Background
We create multiple node pools to organize our workloads into a Kubernetes cluster. Time to time, we perform several upgrades to our node pools. Some upgrades, such as changing machine size/type, version, etc. are disruptive; i.e. the node pools get recreated. On a managed Kubernetes cluster, such a GKE (Google Kubernetes Engine), you can automatically perform such up gradation work on your node pools. GKE has the capabilities to automatically migrate the workload from old node pool to new one. GKE manages this workload migration using multiple steps:
- provision new node pool and wait for new pool to be ready
- cordon the nodes in old node pool to mark the nodes as unschedulable
- drain the nodes in old node pool to migrate them to new node pool
- delete the old node pool
By default, GKE uses surge upgrade strategy with
maxSurge
(how many new nodes can be created) andmaxUnavailable
(how many existing nodes can be deleted) to upgrade node pool. GKE waits for surge (new) nodes to be ready before cordoning and draining existing nodes. This way GKE avoids service interruption during the workload migration
Important to note that:
If you use Spot VMs in your node pool, surge upgrade values are ignored, because there is no availability guarantee for Spot VMs. During an upgrade, old nodes are drained directly without waiting for surge (new) nodes that use Spot VMs to be ready which causes service disruption!!

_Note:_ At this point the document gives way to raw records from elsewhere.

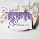 Skapa speciella lyckliga stämningar för alltid från din vårbröllop med denna wisteriavinstock som blomblad faller från övre kanten och violett cykel till vänster. En speciell "Tack"-text.
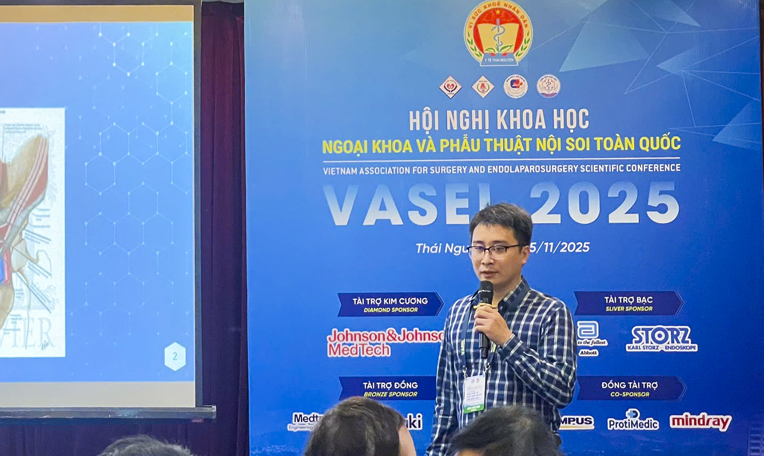 Đoàn công tác Trường Đại học Y Dược Thái Bình do TTƯT.TS Phan Văn Cương - Trưởng Bộ môn Ngoại cùng các cán bộ Bộ môn tham dự hội nghị. Tại diễn đàn, ThS.BSNT Phạm Tuấn Đạt báo cáo: “Kết quả phẫu thuật nội soi qua phúc mạc (TAPP) điều trị thoát vị bẹn tại Bệnh viện Đa khoa Thái Bình”. Báo cáo đã nhận được nhiều phản hồi tích cực và thảo luận chuyên sâu với các chuyên gia đến từ các trung tâm lớn.
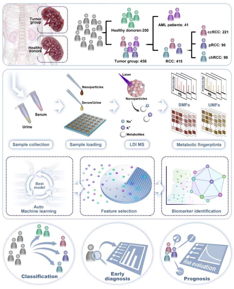 在此研究中,作者首先构建来自仁济医院的SUPER肾肿瘤研究队列,进一步开发一种高效的血清和尿液代谢指纹分析方法,并利用机器学习成功对肾肿瘤进行亚型分类、早期诊断和预后。

To avoid service disruption, we should manually upgrade a node pool that uses Spot VMs when the upgrade recreates the node pool.
Steps to migrate workload manually between node pools:
- Disable auto scaling into current node pool. I used
gcloud
command on GKE cluster, you may use console, cli or anything of your choice
If you don't disable auto scaling, the drain operation, you will be doing later, will create more nodes into your current node pool instead of migrating workload to new node pool
gcloud container node-pools update NODE-POOL-NAME --cluster CLUSTER-NAME --no-enable-autoscaling
- Create the new node pool with you choice of work such as cloud console, cli, Terraform, Ansible, etc.
- Cordon the nodes in old node pool to mark them unschedulable, so that no new pods can be scheduled into them
kubectl cordon OLD-POOL-NODE-1 OLD-POOL-NODE-2 OLD-POOL-NODE-3
- Drain each node in old node pool to migrate the workload to new node pool. Use
--delete-emptydir-data --ignore-daemonsets
to avoid error
kubectl drain OLD-POOL-NODE-1 --delete-emptydir-data --ignore-daemonsets
kubectl drain OLD-POOL-NODE-2 --delete-emptydir-data --ignore-daemonsets
kubectl drain OLD-POOL-NODE-3 --delete-emptydir-data --ignore-daemonsets
- Once all nodes in old node pool are drained properly, you can delete the node pool
Conclusion
We know that spot VM makes significant difference in our cloud billing, but spot VM comes with its own challenges. In this post, I used GKE as a reference Kubernetes cluster, but I guess the scenario is similar into other cloud platforms. I would like to hear your observations about using Spot VMs in a Kubernetes cluster from you. Thanks for your time to read this article! Cheers!